Work required
Leave the pictures aside and copy all the data exactly.

Data provided

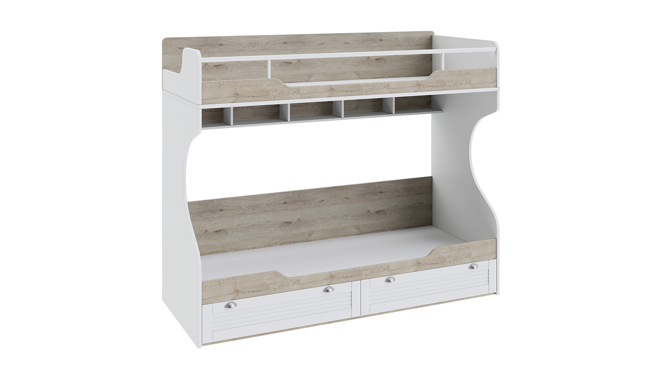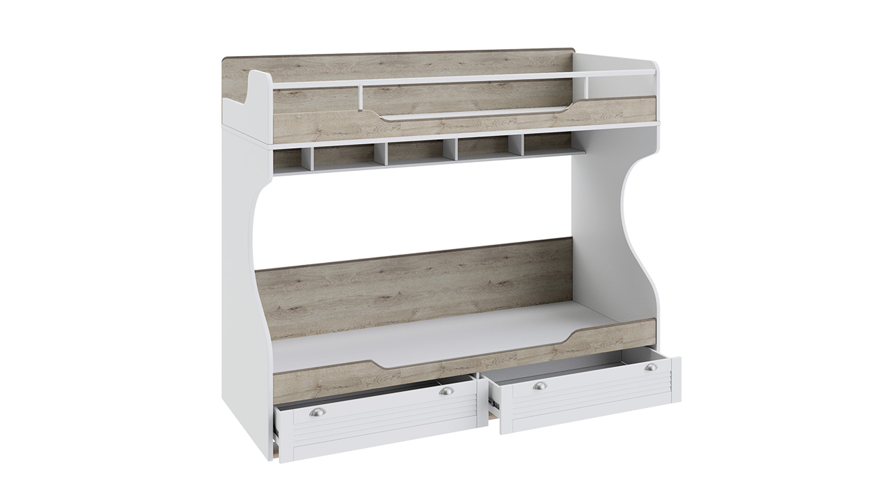 Двухъярусная кровать из массива сосны «Вуди-4» с ящиками, натуральный цвет (лак)
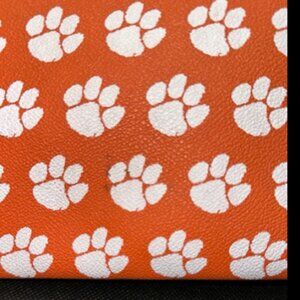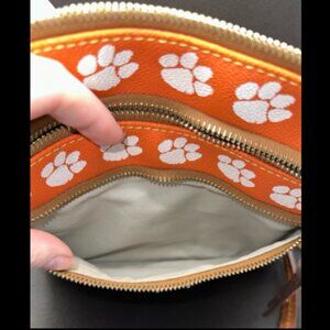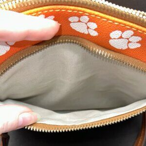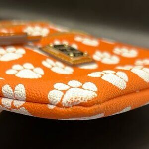 Stylish and functional, this Dooney & Bourke crossbody bag features a vibrant Clemson orange background with playful white paw prints. Perfect for adding a pop of color to any outfit!
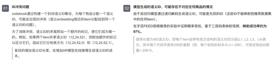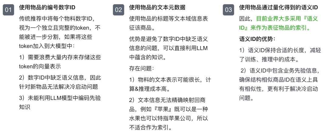 - 推荐中候选商品ID数量非常大(数亿+),因此直接基于原始的物品 ID训练LLM将导致词汇表非常大,并且推理效率低。

Expected answer
 Двухъярусная кровать из массива сосны «Вуди-4» с ящиками, натуральный цвет (лак)
 Stylish and functional, this Dooney & Bourke crossbody bag features a vibrant Clemson orange background with playful white paw prints. Perfect for adding a pop of color to any outfit!
 - 推荐中候选商品ID数量非常大(数亿+),因此直接基于原始的物品 ID训练LLM将导致词汇表非常大,并且推理效率低。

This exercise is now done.